Another way to add smoothness constraint is to add $ \ensuremath {L_1}$ -norm of the derivative to the objective:

$\displaystyle \mathrm{minimize}\quad \delta +\eta \left\Vert \Delta h\right\Vert _1$ (4.82)

Note that the $ \ensuremath {L_1}$ norm is sensitive to all the derivatives, not just the largest.

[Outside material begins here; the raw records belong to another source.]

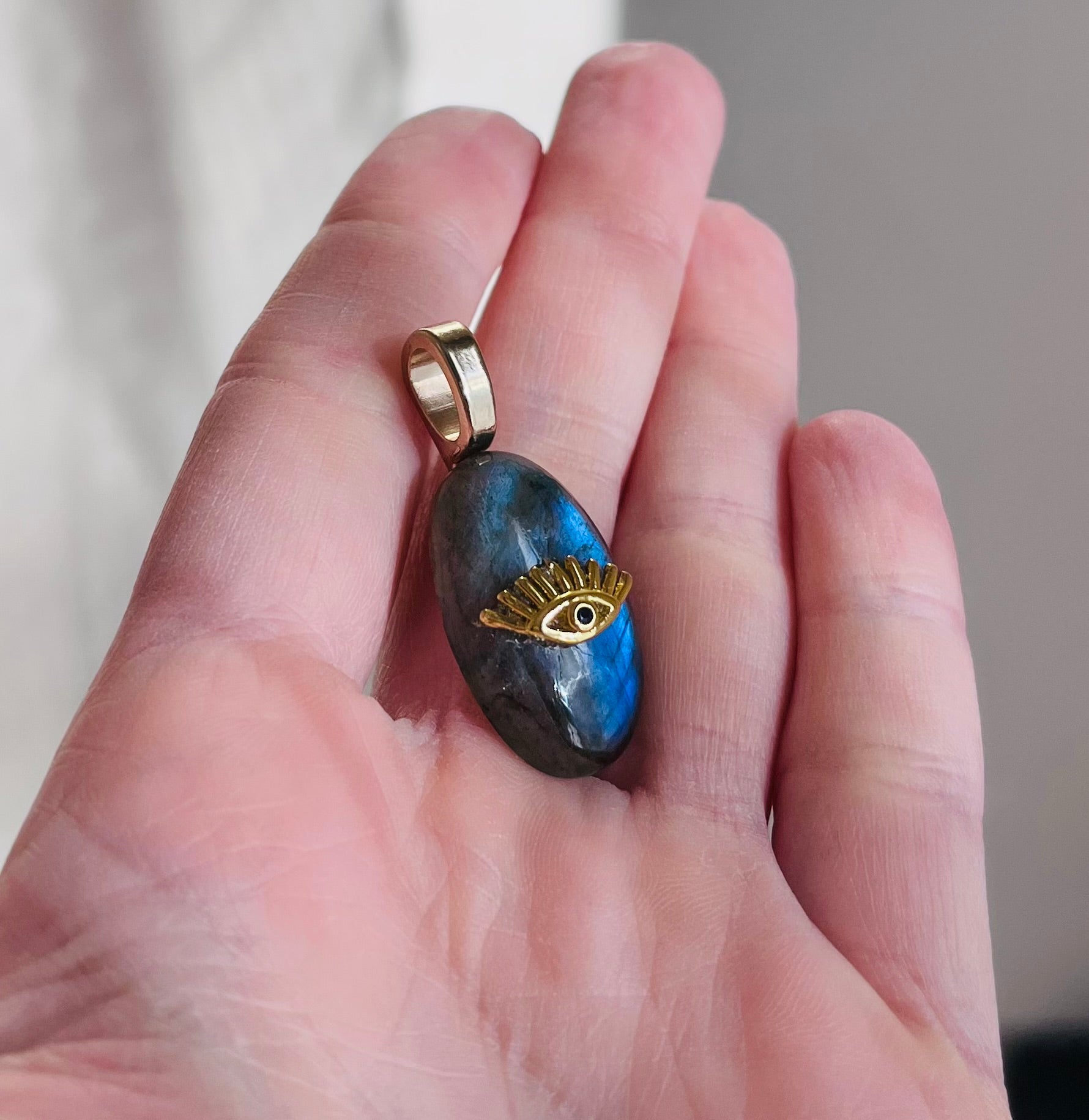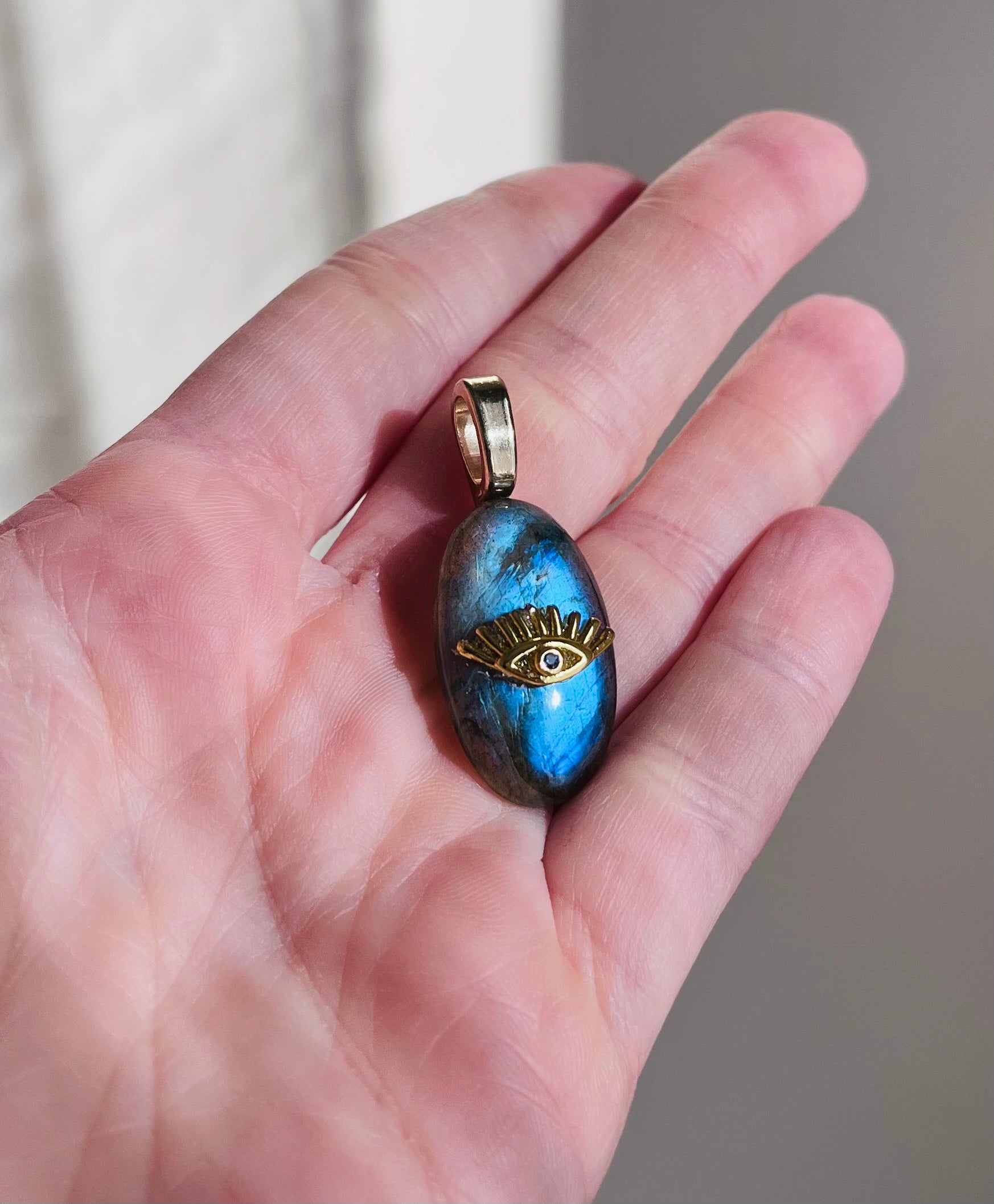 Pendentif talisman Labradorite sertie d’un œil protecteur.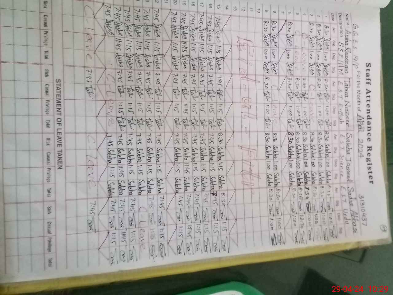 | CNIC | Full Name | Designation | R/C | Absence During Last Calender Month |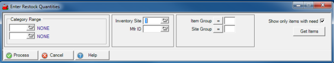 To retrieve and edit Items with existing minimum and maximum stock levels set, select the Show only Items with need checkbox.
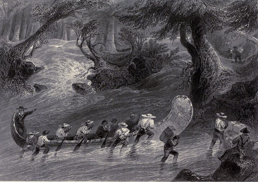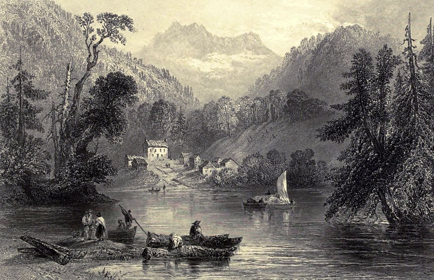 The upper part of the river beyond the falls and Portage des Allumettes, is used by the fur-traders, who have a post also in Lake Temiscaming, more than 350 miles above the junction of the Ottawa with the St. Lawrence; but this tract has never been surveyed, nor even accurately described. Up to the Portage, it is regularly frequented by the lumberers, who find valuable supplies of pine and oak, which they contrive to float down in rafts, through all obstructions. At the Allumettes the stream separates into two channels, enclosing an island fifteen miles long, and forming three small lakes, called the Allumettes, the Mud, and the Musk Rat. On the latter is one solitary farm, said to be in a prosperous condition. Eight miles below the junction of these channels is Fort Coulange, where the Hudson’s Bay Company have a post, near which is one well-cultivated settlement. Four or five miles down, another division of the stream forms an island of about twenty miles long; but the two channels are much impeded by falls and rapids. The northern, which is the more practicable, has four portages within a few miles of the port of junction, and there is another five miles below it. The falls are not above eight or ten feet high, but they are much broken by masses of rock, and have a very wild appearance.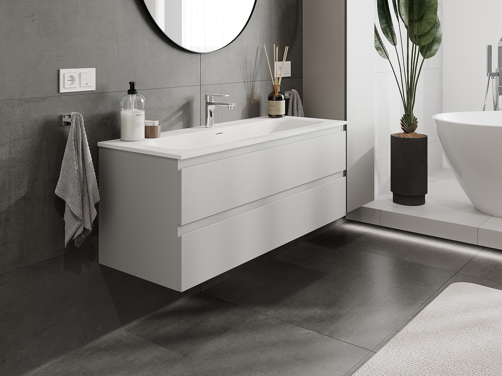 Unsere modularen Badezimmermöbel können in verschiedenen Farbkonfigurationen miteinander kombiniert werden, wodurch eine vollständige Personalisierung ermöglicht wird. Man kann sowohl das Aussehen als auch die Funktionen der einzelnen Elemente auswählen, was es erlaubt, die Möbel an eigene stilistische und funktionale Vorlieben anzupassen.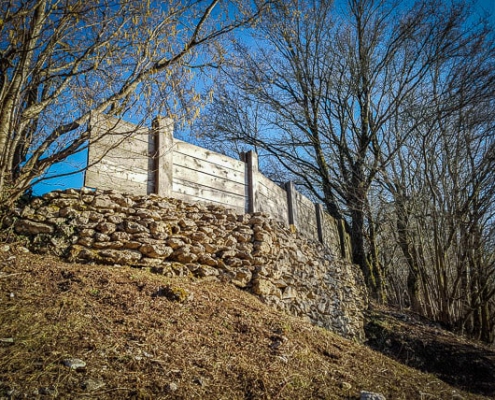 Nachdem Sie viel gesehen haben, wandern Sie weiter in die Senke zwischen dem Rodenstein und dem Walberla. Jetzt können Sie auch „drüben“ auf dem Walberla-Sattel schon die kleine Ehrenbürg-Kapelle sehen. Mitten in der Senke kommen Sie am linken Wegesrand an einer restaurierten keltischen Mauer- bzw. Wall-Anlage vorbei. Auf mehreren Informationstafeln erfahren Sie Näheres dazu.
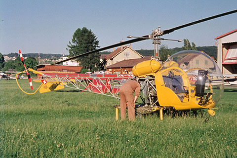 HB-XAV of Heliswiss at Lausanne-Blécherette - Photo collection Werner Häuselmann © 1957 | HB-XAV of Heliswiss at Ochsenboden GR - Photo Flugarchiv Graubünden © 23-Mar-58 |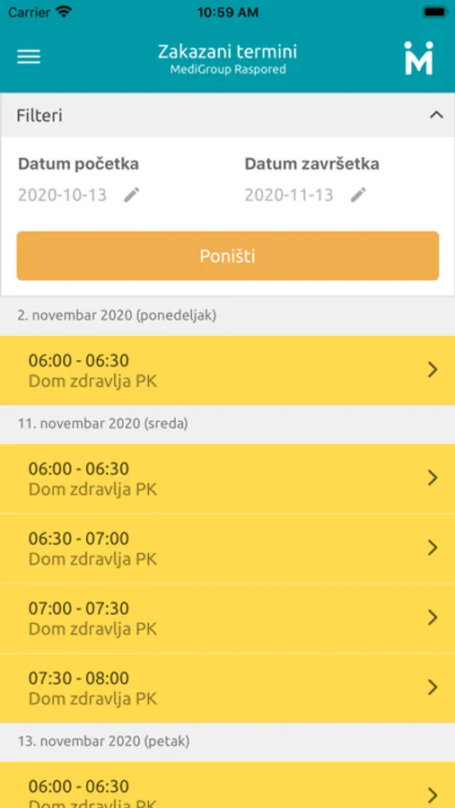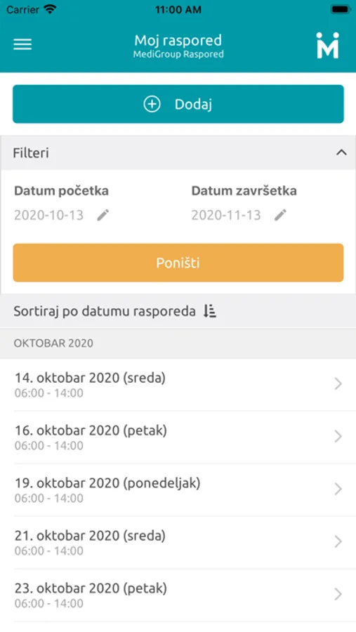 Aplikacija za efikasno upravljanje radnim vremenom i terminima MediGroup lekara konsultanata. Aplikacija MediGroup Raspored omogućava jednostavno kreiranje radnog vremena, izmene i uvid u zakazane termine.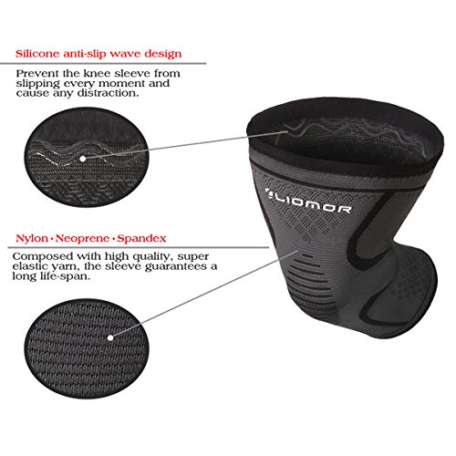 Liomor Knee Sleeve Compression & Support for high intensity activities, Joint Pain and Arthritis Relief - L Size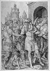 « L’homme, l’ancien, dit : « Paix à toi ! À moi seul toute ta pénurie ! Seulement ne nuite pas sur la place. » Il le fait venir dans sa maison et donne du fourrage aux ânes. Ils se lavent les pieds, mangent et boivent. Comme ils font du bien à leur cœur, voici, les hommes de la ville, des hommes, des Benéi Belia’al, cernent la maison, tapent contre la porte, et disent au maître de la maison, l’ancien, pour dire : « Fais sortir l’homme qui est venu dans ta maison. Nous le pénétrerons ! » L’homme, le maître de la maison, sort vers eux. Il leur dit : « Non ! Mes frères, ne faites donc pas le mal ! Après que cet homme est venu vers ma maison, vous ne ferez pas cette vilenie ! Voici ma fille, la vierge, et sa concubine. Je les ferai donc sortir. Violentez-les, faites-leur comme bien à vos yeux. Mais à cet homme ne faites rien de cette vilenie. » Les hommes ne consentent pas à l’entendre. L’homme saisit sa concubine et sort vers eux, dehors. Ils la pénètrent, la taraudent toute la nuit, jusqu’au matin, et la renvoient à la montée de l’aube. La femme vient au tournant du matin. Elle s’évanouit à l’ouverture de la maison de l’homme, là où était son maître, jusqu’à la lumière. Son maître se lève le matin. Il ouvre les portails de la maison. Il sort pour aller sur sa route. Et voici, la femme, sa concubine, était affalée à l’ouverture de la maison, ses mains sur le seuil. Il lui dit : « Lève-toi ! Allons ! » Pas de réponse. Il la prend sur l’âne. L’homme se lève et va vers son lieu. »

We can formulate an LP problem by adding a vector of optimization parameters $ \tau$ which bound derivatives:

$\displaystyle -\tau _{i}\leq \Delta h_{i}\leq \tau _{i}\qquad i=1,\ldots ,L-1.$ (4.83)

In matrix form,

$\displaystyle \left[\begin{array}{r} -\mathbf{D}\\ \mathbf{D}\end{array} \right]h-\left[\begin{array}{c} -\tau \\ -\tau \end{array} \right]\le 0.$ (4.84)

The objective function becomes

$\displaystyle \mathrm{minimize}\quad \delta +\eta \mathbf1^{T}\tau .$ (4.85)

See Fig.3.41 and Fig.3.42 for example results.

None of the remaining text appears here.